Exercise inputs Block Start

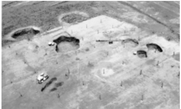
Trading post excavation, Deuel County, 1968.

The Sidney-Black Hills Trail was a 267-mile-long thoroughfare for bull wagons, mule trains, mail couriers, and stagecoaches during the Black Hills “gold rush” of the late 1870s through the early 1880s. The volume of traffic over the trail
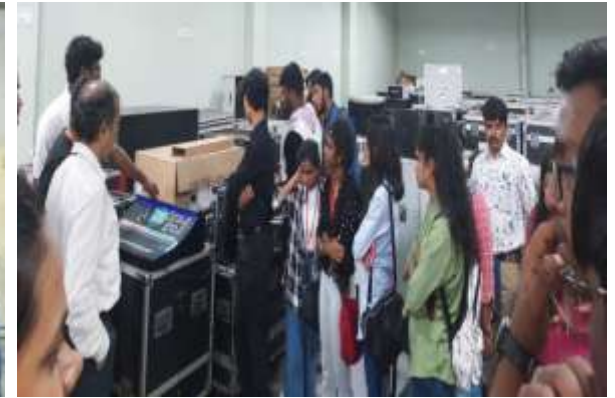
Visit to Robotics Labs at Ramoji Film City
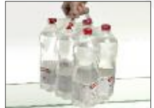
Food and beverage packaging
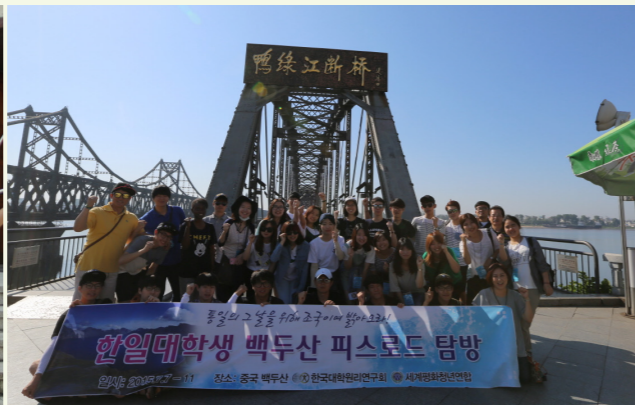
Photos taken at the Yalu River railroad bridge by CARP exploring team of Mt. Baekdu
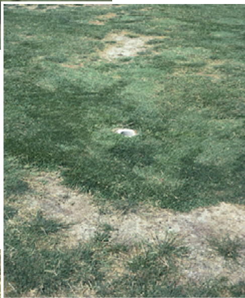
(Below) In early stages of salt buildup under saline recycled water irrigation, the stress caused by salinity may leave thinned, weak grass vulnerable to other stresses like heat, drought, or disease infection.
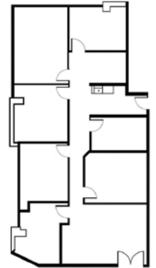
Suite 220: ±2,275 RSF

Exercise inputs Block End

• _Instructions to follow_
Everything in the entries above must be output again exactly, except the pictures.

• _Task solution_
Trading post excavation, Deuel County, 1968.

The Sidney-Black Hills Trail was a 267-mile-long thoroughfare for bull wagons, mule trains, mail couriers, and stagecoaches during the Black Hills “gold rush” of the late 1870s through the early 1880s. The volume of traffic over the trail
Visit to Robotics Labs at Ramoji Film City
Food and beverage packaging
Photos taken at the Yalu River railroad bridge by CARP exploring team of Mt. Baekdu
(Below) In early stages of salt buildup under saline recycled water irrigation, the stress caused by salinity may leave thinned, weak grass vulnerable to other stresses like heat, drought, or disease infection.
Suite 220: ±2,275 RSF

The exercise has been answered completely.